Discussion in 'Bukkit Discussion' started by Mrchasez, Apr 6, 2014.

Thread Status:
Not open for further replies.
  1. Offline

    Mrchasez

    Hello,

    Just a warning to server owners. Bukkit has implemented a system that basically does this. You type: /{plugin}:{command} and it runs that command for that plugin. This over writes certain things, like they are able to run "/me" and other Bukkit / Essentials commands.

    For you server owners who disable your /plugins command. Too bad! You can type:
    /bukkit:help

    And it displays all your plugins. I am assuming so many of you disable the plugins command you want this hidden. The best part is that Bukkit gives you no way to disable this easily, like in bukkit.yml. (edit: I have been told to disable the bukkit part of the issue you can add negative permissions)
     
  2. Offline

    danjb2000

    Basically if you did /bukkit:help it would bypass you disabling it and let them see all your plugins.

    Also /{plugin}:{command} works
    so /bukkit:me [broadcast] works for groups that don't even have the permission.
     
  3. I have two questions:
    1. This applies to 1.7.6 only?
    2. Can they run any plugin commands without having the permission ? [need to be commands for which the permission is set up in the plugin.yml, not checked by the plugin]
     
  4. Offline

    Mrchasez


    No. Not any command. However it has been reported to have issues with certain software I won't mention. It also bypasses, say you block the command "sethome" in a WorldGuard Parkour region. This would bypass that. There are a million different scenarios it can be an issue.
     
  5. Offline

    danjb2000

    Think when you have a vanilla bukkit server, A lot of permissions are given by default, All of them can be used, as said /bukkit:me or /bukkit:help e.t.c
     
  6. Is it possible to detect plugin:cmd, say in PlayerCommandPreProcessEvent? Is it since 1.7.6 or already before?
     
  7. Offline

    Mrchasez


    Considering we aren't upgraded to 1.7.6. It's before.
     
  8. Indeed, i might've read the commit, but totally misjudged the impact.
     
  9. Offline

    Necrodoom

    All this does is allowing you to use previously overridden commands. The fact that you gave permission to people to use commands you dont want them to is the problem.
    If you dont want bukkit /help, negate bukkit.command.help.

    Also, for your worldguard problem, this means you need to block all aliases of a command, like before. This just means you have a few extra aliases to block.
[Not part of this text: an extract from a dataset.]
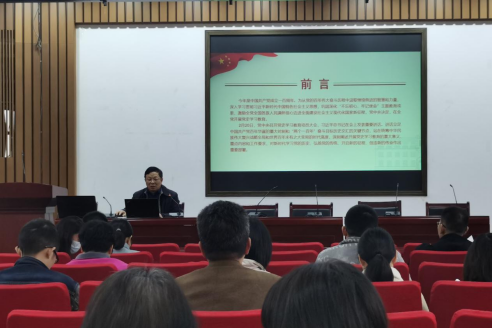 党史学习宣讲团成员胡建国作宣讲,全体在校教职工党员参加了此次学习。

    After all, this is not a dangerous feature, but just one you ignored when you configured your plugins.
     
    JaguarJo likes this.
  10. It kind of got added at some point of time (Edit: like 1.7.2?). Could've been easy to overlook. Not that dangerous of course.
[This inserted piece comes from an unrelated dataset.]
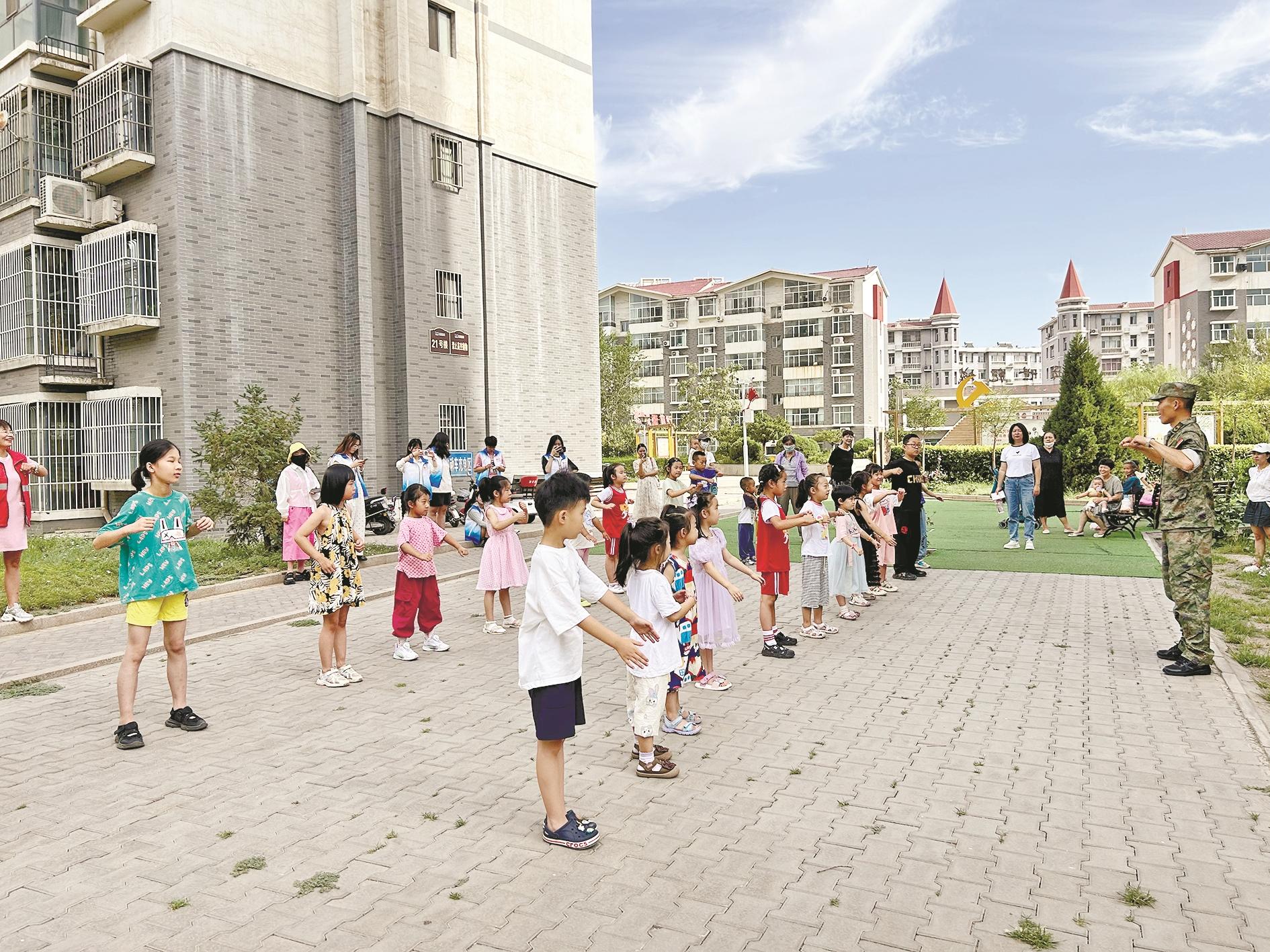 近日,海勃湾区滨河街道白楼社区开展“学军人风采 强自身素质——国防教育‘军体拳’课堂”主题活动。活动中,社区的小朋友们在教练的指导下进行热身运动,学习军体拳的基本动作和技巧,提高身体素质,进一步激发了社区青少年儿童的爱国热情。

    So what slightly hurts would be like:
    - The command API in Bukkit is not too well suited for generic operations, lacks ways of referencing and lookup.
    - The API does not give convenient control for removing unwanted aliases or hiding commands from tab completion. Look up and altering permissions for commands is slightly complex and not well supported.
    - Using the PlayerCommandPreprocessEvent can prevent executing commands and sub-commands, but does not allow preventing tab completion, nor does it allow to conveniently look up, what command would be used (alias, plugin, ...).
    - Hoping for all plugins to always implement all needed aspects is not realistic, also simple conflicts can't be easily seen using the API (same command registered for two plugins, but which one wins out? Server owners test it, but plugins will... compare CommandExecutors !?).
     
  11. Offline

    Mrchasez


    Not true and totally misguided. People were never able to use /me because Essentials over writes Bukkit in priority. We don't give them the permission to use the essentials version, they can't use it all. However now they can completely bypass Essentials and use bukkits. Sure we can add a negative permission node, but what if this was something more serious then a me bypass? The damage would have already happened. There are also plenty of other negative issues it brings.
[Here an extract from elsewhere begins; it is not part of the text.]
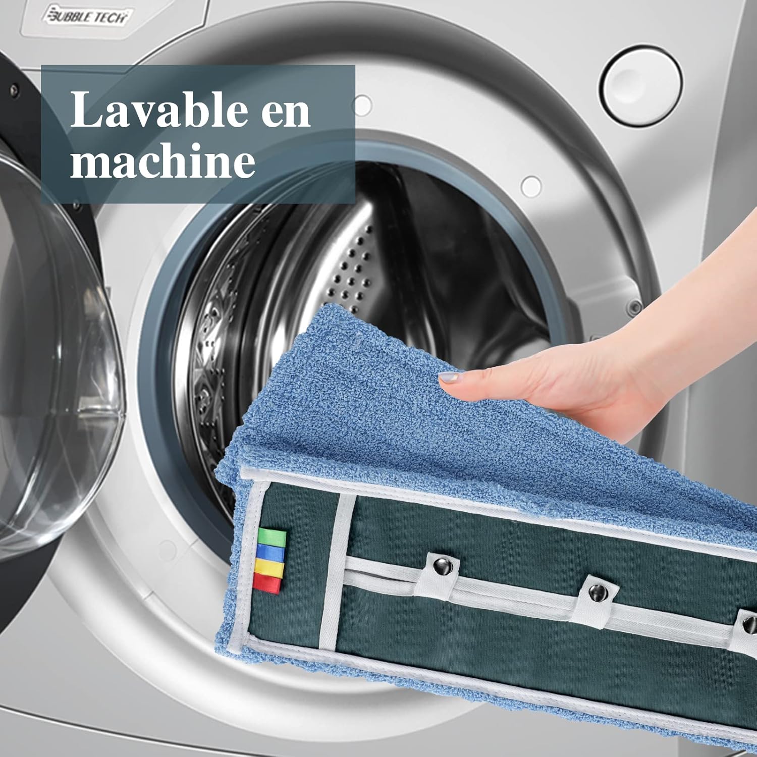 S’adapte bien au balai, la microfibre attrape efficacement la poussière et se nettoie facilement en machine, facilitant l’entretien quotidien; la tête paraît solide et offre un très bon rapport qualité-prix.

    Bukkit doesn't even warn anyone.
     
  12. This is a somewhat breaking change, because players now can access commands that they could not before, breaking any command protection or selection functionality even if it used overriding the command permissions, also command expansion or redirection in pre-processing events does not work anymore or can be bypassed for "old" plugins
    Concerning communication:
    I think the Bukkit-page announcements target server owners mostly, though this change concerns both server owners and plugin developers. I think EvilSeph wanted to bring more info to developers somehow (evilseph.com).

    Problem is with such changes, one needs an expert developer checking all Bukkit+CraftBukkit comits one by one, in order to be more safe :p - i don't know if there is a way to improve things, but i assume they won't experiment with tagging changes or commits too soon. Idea could be to make them searchable by tags, also adding an overview possibility what tags appear since version x-y-z. Such could allow to quickly see if the command system is affected, if core configuration of Bukkit changes, security fixes, just "behavioral" fixes. Of course it can be hard to judge if things really change any cross-plugin stuff, but this is not just an addition of a new feature possible to use for plugins, because it allows players to use it. So if we had a tag for "players can do something new", developers would find it quickly. Of course those tags would have to be flexible in that they can be added/update later on (not only in the commit message on GitHub). I am brainstorming again, things get complicated with ai changes that affect plugins, but certainly there can be practical considerations about what is enough of a change to label it - this actually could be useful to judge the impact of changes better, also for less experienced developers or server owners, or just for people with not as much time to inspect every change.

    (Edited quite a bit).
     
  13. Offline

    Necrodoom

    How is my response not true, then? You still need to negate the permission for bukkit /me to block it.
    All default given bukkit commands cannot cause any dangerous effects to your server, so im not sure what you are at.
    Since you brought up the point of seeing plugin list, you already had to negate bukkit.command.plugins and bukkit.command.help because neither are blocked by overriding plugins usually.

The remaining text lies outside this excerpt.